Clair Ridge is the second phase of development of the Clair field, which was discovered in 1977 and holds more than 7 billion barrels of oil in place. Clair Ridge features a highly fractured reservoir with some areas that produce quite a lot and other that don’t. Clair Ridge, which achieved first oil in late 2018, targets 640 million barrels of recoverable oil reserves.
“The wells there are complex. They’re very deviated, with tortuous paths,” Scott says. “To efficiently produce this reservoir, they need to know what’s happening in the reservoir.”
He says the use of SureCONNECT in the Clair Ridge field has made it possible to “see value almost instantaneously” by making it possible to “detect where water is coming from and take appropriate actions to handle that water. They are producing from a highly fractured reservoir in a way that wouldn’t have been possible without the SureCONNECT technology.”

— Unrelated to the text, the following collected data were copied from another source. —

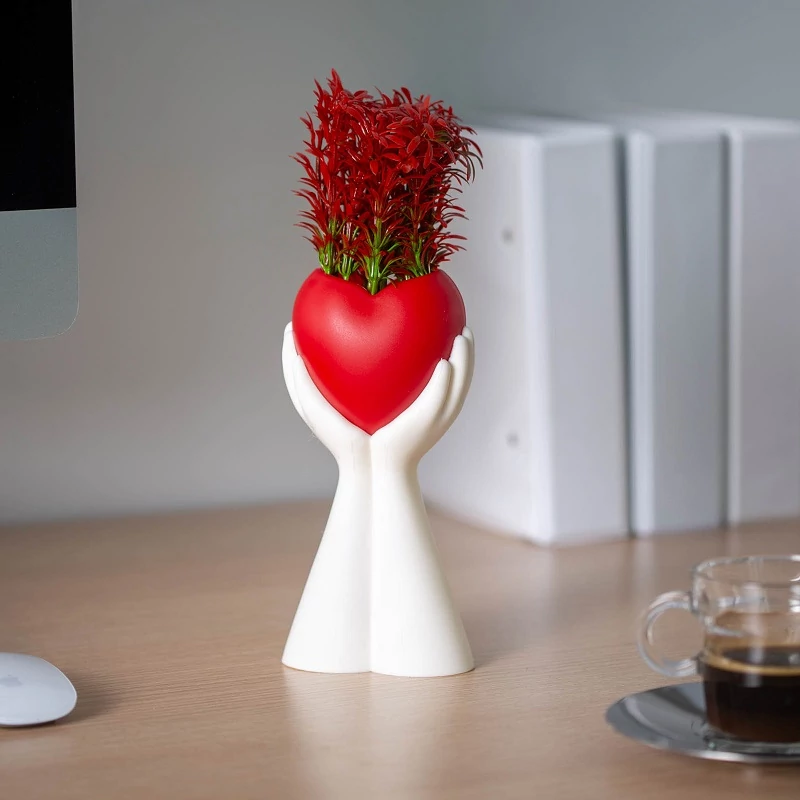 Dekoratív, gondozásmentes műnövény piros szív motívummal, 10 x 35 cm méretben, vidám és szívmelengető dizájnnal, tökéletes Anyák napi ajándék édesanyáknak, nagymamáknak vagy szeretteiknek otthoni dekorációként vagy asztaldíszként.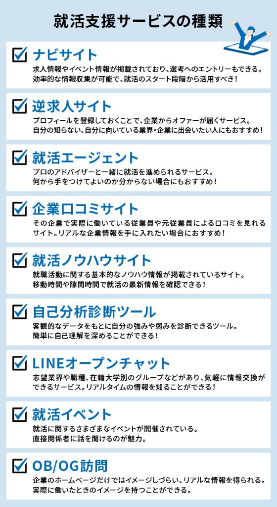 就活サービスとは、就職活動をサポートしてくれるサービスです。企業探しから業界・企業研究、自己分析、エントリーシートの作成、面接対策など、選考に向けて必要な準備をサポートしてくれます。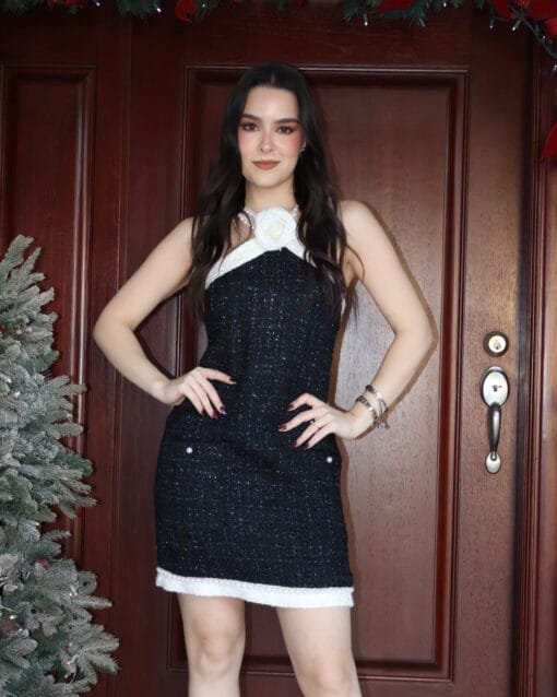 Set con flor negro con beige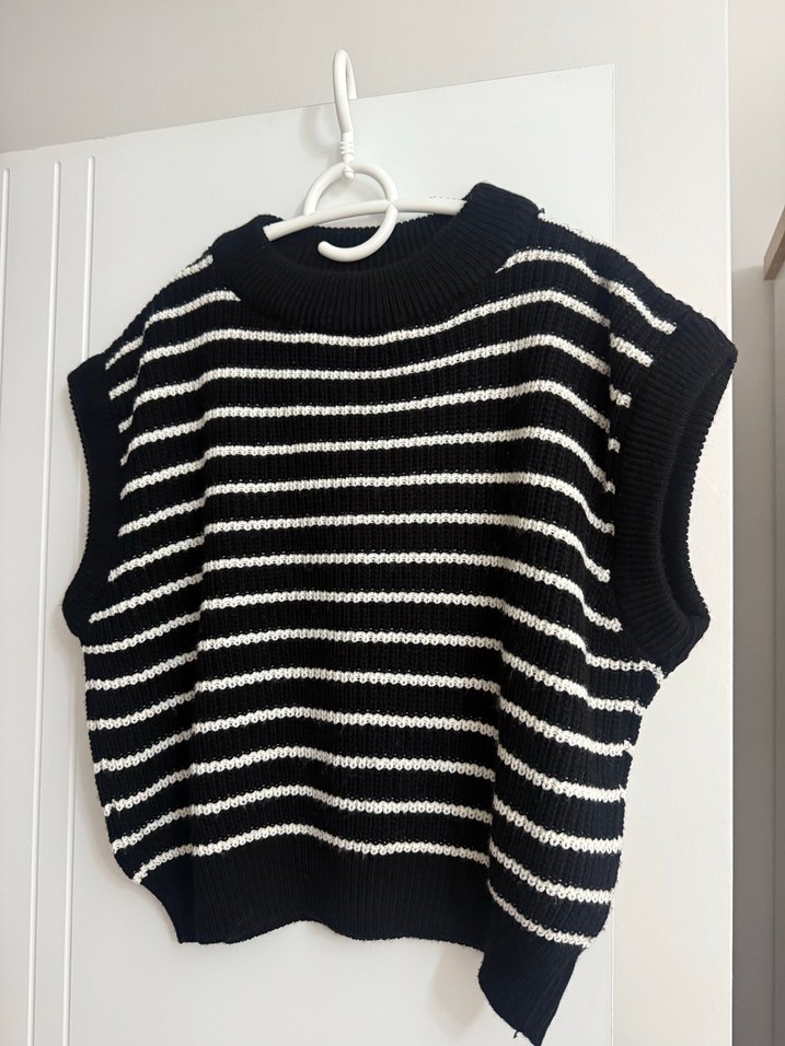 Yuvarlak yaka, kolsuz, bol kesim örgü süveter. Siyah ve gri çizgili deseniyle rahat ve trend bir gündelik stil sunar.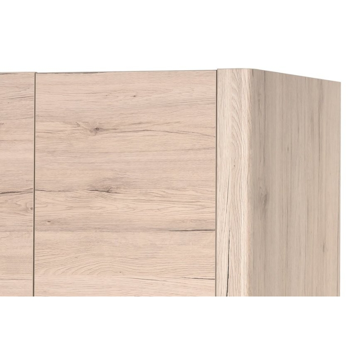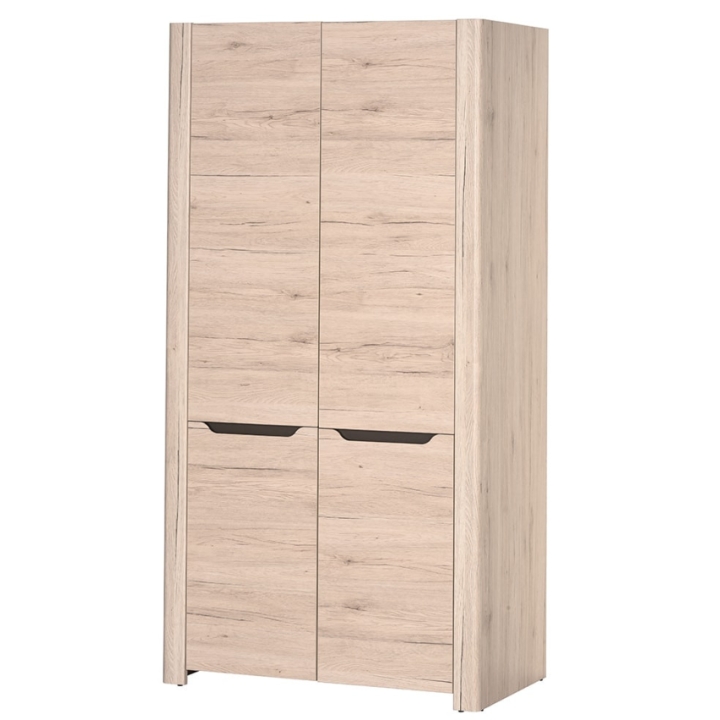 Thanks to the use of high-quality materials, such as furniture board foiled in woodgrain décor, the Desjo 05 wardrobe is characterised by durability and resistance to damage. The assembly set included allows the furniture to be securely and stably fixed to the wall, ensuring its durability and safety of use. The wardrobe does not contain a mirror or glass elements, making its appearance subdued and classic, ideal for a variety of interior arrangements.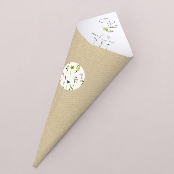 Das perfekte Accessoire für den perfekten Moment. Diese kleinen Spitztüten im passenden Design zu Ihren Einladungskarten können mit Ihren Namen bedruckt und mit Blütenblättern, Reis oder Konfetti gefüllt werden.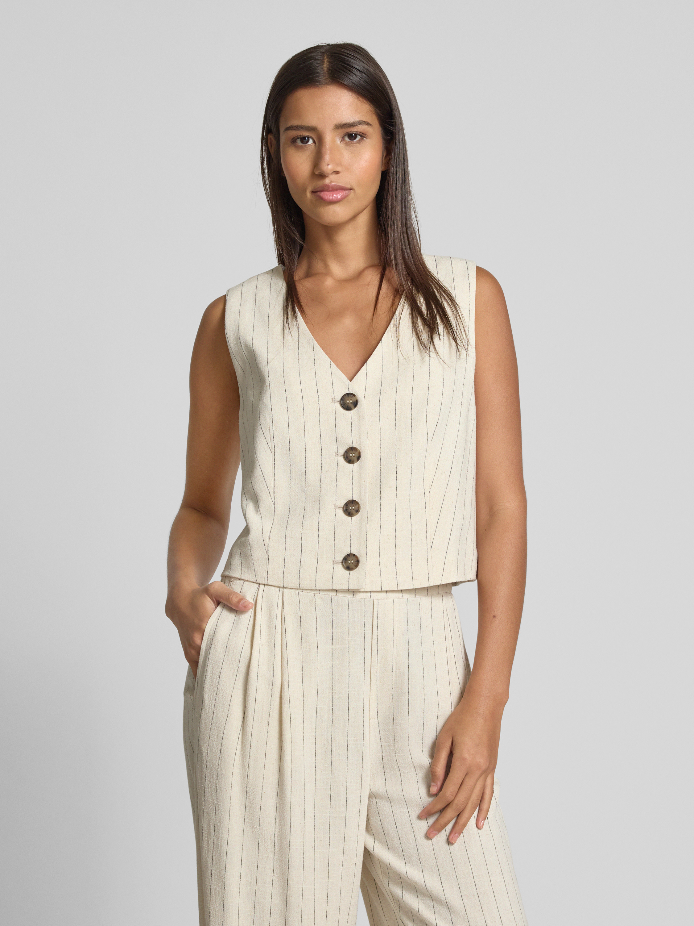 Die Weste von Jake*s Casual kombiniert einen Viskose-Mix mit einem Hauch von Leinen, was für ein angenehmes Tragegefühl sorgt. Ihr gerader Schnitt und der V-Ausschnitt verleihen ein zeitloses Design. Diese Kombination eignet sich ideal für lässige und stilvolle Outfits.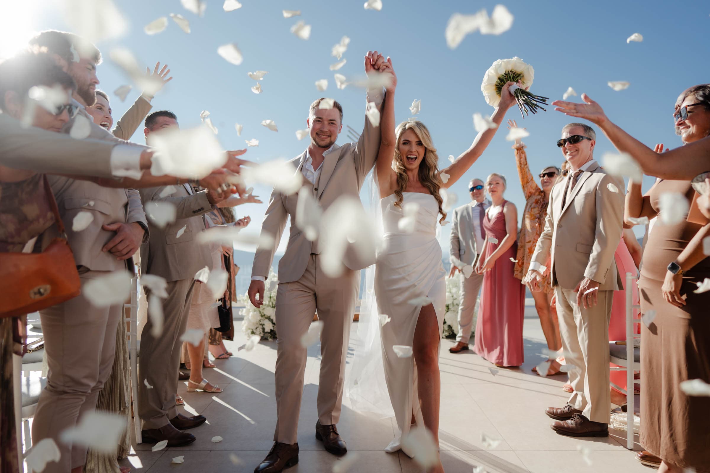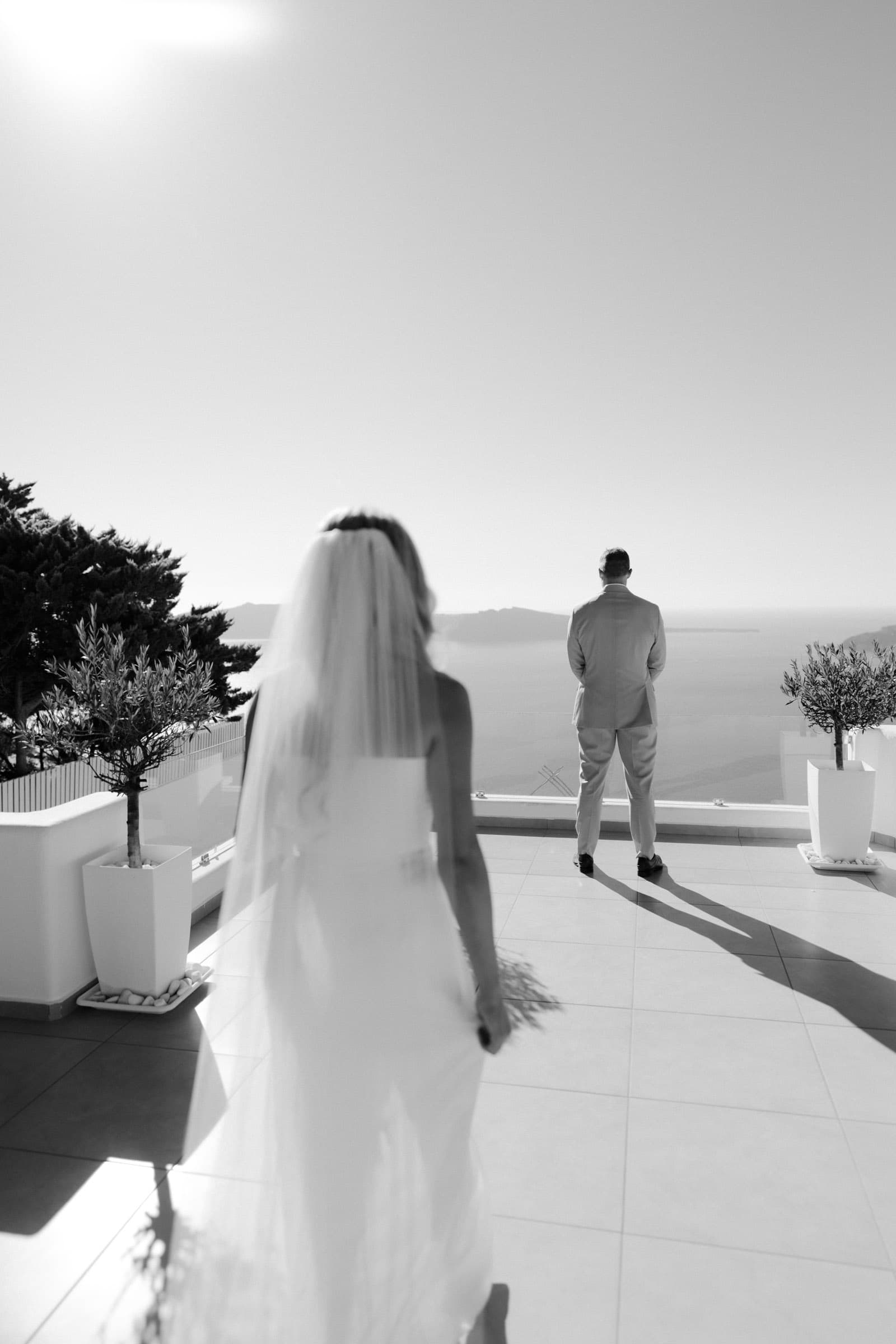 The ceremony was held at Le Ciel, a beautiful venue overlooking the caldera. The day wrapped up with ground fireworks and an epic wedding dip kiss.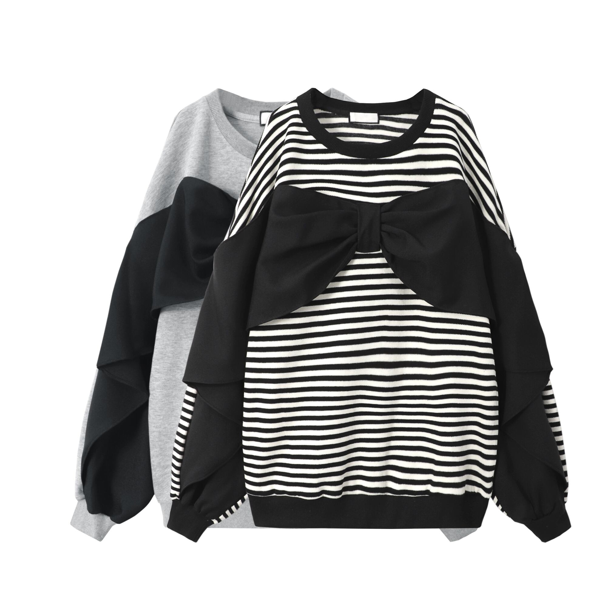 カットソー セーター 長袖 無地 ボーダー 春 秋 冬 リボン かわいい 大人可愛い きれいめ シンプル カジュアル 大人 上品 おしゃれ 大人女子 こなれ感 クルーネック 綿 グレー フリーサイズ ゆったり ゆる 10代 20代 30代 40代 学生 通学 お出かけ 公園デビュー 女子会 お泊まり 休日 普段使い 楽ちん プチプラ 送料無料 | Rena 韓国ファッション レディースアパレル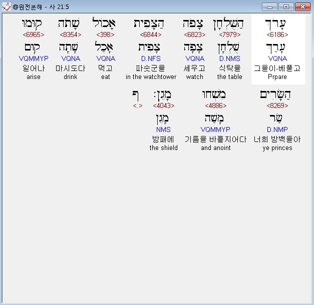 히브리어구약BHS,5 עָרֹךְ הַשֻּׁלְחָן צָפֹה הַצָּפִית אָכֹול שָׁתֹה קוּמוּ הַשָּׂרִים מִשְׁחוּ מָגֵן׃ ף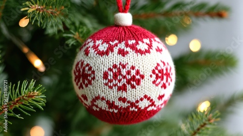 Knitted red and white ornament hanging on a festive Christmas tree branch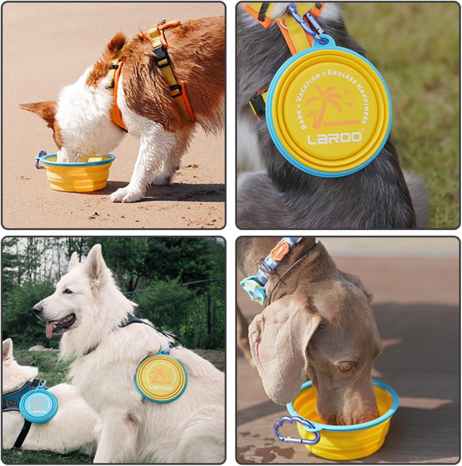 LaRoo Collapsible Dog Bowls, Large Portable Foldable Travel Dog Bowls with Clasp, BPA-Free Non-Toxic Water & Food Bowl for Large/Medium Dogs, Outdoors in Summer Hiking, Walking, Traveling (Yellow)

Scott calls the development of SureCONNECT a two-decade journey and says BP and Shell have been key partners in fine-tuning the system.
“We deployed various aspects of it over the years,” he says.
One of those was a fiber-optic only version that was installed at Shell’s Mars A field in the deepwater Gulf of Mexico in 2012. The electric connector was deployed in Brazil in 2003, and the hydraulic connector in 1998 in the UK.
The full commercialization of the modular version capable of accommodating and mating fiber optics, hydraulics and electric came in 2019.
“The critical piece was how could we get to a place where we could do this reliably,” Scott says. “It’s more than just the tool itself. It’s the process and project management process.”
All those pieces combine in SureCONNECT to make it possible to do more with less, Scott says. This fits in with the industry’s drive for efficiency across the board, he adds.
“This unlocks a whole new level of efficiency that gets us to the point where we can talk about autonomous control,” he says. “They can unlock more assets and profitability over the life of the well.”